Carpio, (Chairperson), Brion, Perez, and Perlas-Bernabe, JJ., concur.

[1] People v. Arcosiba, G.R. No. 181081, September 4, 2009, 598 SCRA 517, 526, citing People v. Baligod, 583 Phil. 299, 305 (2008).

[2] CA rollo, pp. 63-72; penned by Associate Justice Leoncia R. Dimagiba and concurred in by Associate Justices Edgardo A. Camello and Nina G. Antonio-Valenzuela

[3] Records, pp. 100-104; penned by Judge Justino G. Aventurado.

[4] Id. at 1.

[5] “The real names of the victim and of the members of her immediate family are withheld pursuant to Republic Act No. 7610 (Special Protection of Children Against Child Abuse, Exploitation and Discrimination Act) and Republic Act No. 9262 (Anti-Violence Against Women and Their Children Act of 2004)”; People v. Teodoro, G.R. No. 175876, February 20, 2013, 691 SCRA 324, 326.
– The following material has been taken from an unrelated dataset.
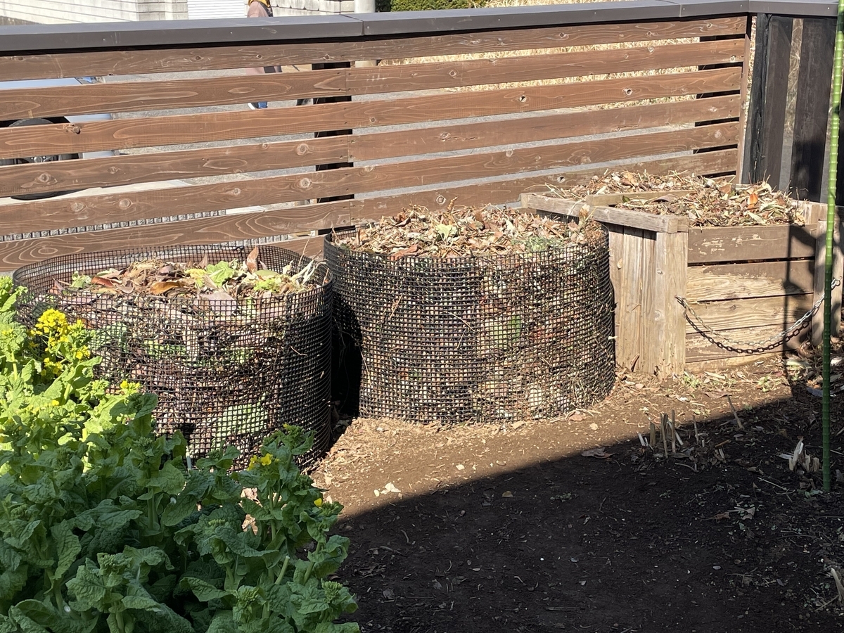 落ち葉や花後の植物、剪定後の枝葉などは年々増え、堆肥ボックスはいつも満タン。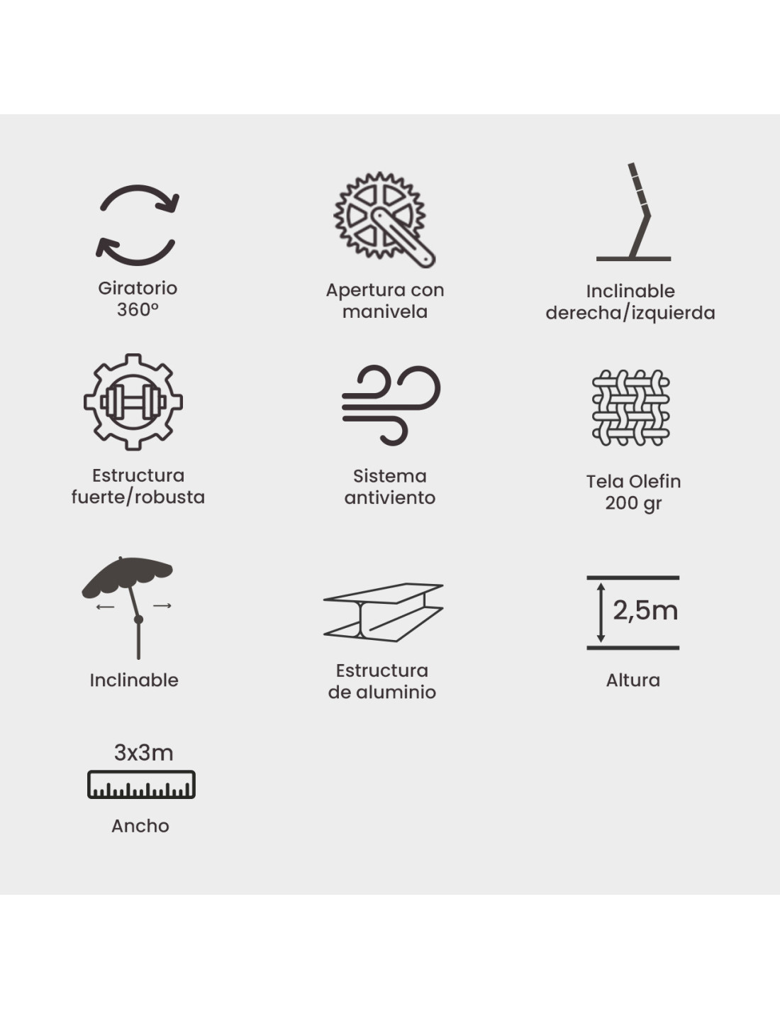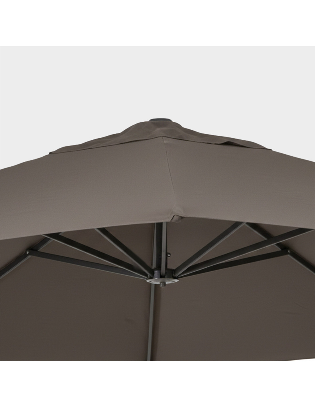 Le parasol comprend 8 tiges en aluminium renforcé mesurant 17x25 mm, conçues pour maintenir une bonne tension du tissu et assurer une répartition uniforme des teintes. La couverture est faite d’un tissu oléfine de 200 g/m² de couleur anthracite, un matériau technique particulièrement adapté à l’extérieur en raison de sa résistance, de sa stabilité des couleurs et de son toucher agréable.

[6] Exhibit “C,” Certificate of Live Birth, Records, p. 11.

[7] Exhibit “A,” Medical Certificate, id. at 9.

[8] Id. at 104.

[9] CA rollo, pp. 71-72.

[10] Rollo, pp. 18-19.

[11] See the Office of the Solicitor General’s Manifestation and Motion (Re: Supplemental Brief), id. at 20-22 and the Public Attorney’s Office’s Notice of Appearance with Manifestation, id. at 29-32.

[12] People v. Oliva, G.R. No. 187043, September 18, 2009, 600 SCRA 834, 839.

[13] People v. Corpuz, 517 Phil. 622, 637 (2006).

[14] People v. Castro, 594 Phil. 665, 674 (2008).

[15] People v. Villanueva, Jr., G.R. No. 187152, July 22, 2009, 593 SCRA 523, 542.

[16] G.R. No. 177361, February 1, 2010, 611 SCRA 216.

[17] Id. at 227.

[18] CA rollo, pp. 55-56.

[19] 458 Phil. 856, 877 (2003).

[20] People v. Torres, 559 Phil. 408, 418 (2007).

[21] People v. Corpuz, 517 Phil. 622, 638 (2006).

[22] Rules for the Application of Indivisible Penalties.

[23] People v. Bacatan, G.R. No. 203315, September 18, 2013.

[24] Sison v. People, G.R. No. 187229, February 22, 2012, 666 SCRA 645, 667.

[25] People v. Delabajan, G.R. No. 192180, March 21, 2012, 668 SCRA 859, 868.

[26] People v. Estoya, G.R. No. 200531, December 5, 2012, 687 SCRA 376, 388-389.

[27] People v. Diocado, 591 Phil. 736, 752 (2008).

[28] People v. Estoya, supra at 389.

[29] People v. Toriaga, G.R. No. 177145, February 9, 2011, 642 SCRA 515, 522.

[30] People v. Dumadag, G.R. No. 176740, June 22, 2011, 652 SCRA 535, 550.